--- Recorded data Enclosed Below ---

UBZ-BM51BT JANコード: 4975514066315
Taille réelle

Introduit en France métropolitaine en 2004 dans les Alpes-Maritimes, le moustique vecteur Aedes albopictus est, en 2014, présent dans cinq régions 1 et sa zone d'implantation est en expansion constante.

--- End of Enclosed Recorded data ---

To do » Copy the lines from the one with "Taille réelle" through the last line of the material above, exactly as they are and with no others.

Solution to this problem »
Taille réelle

Introduit en France métropolitaine en 2004 dans les Alpes-Maritimes, le moustique vecteur Aedes albopictus est, en 2014, présent dans cinq régions 1 et sa zone d'implantation est en expansion constante.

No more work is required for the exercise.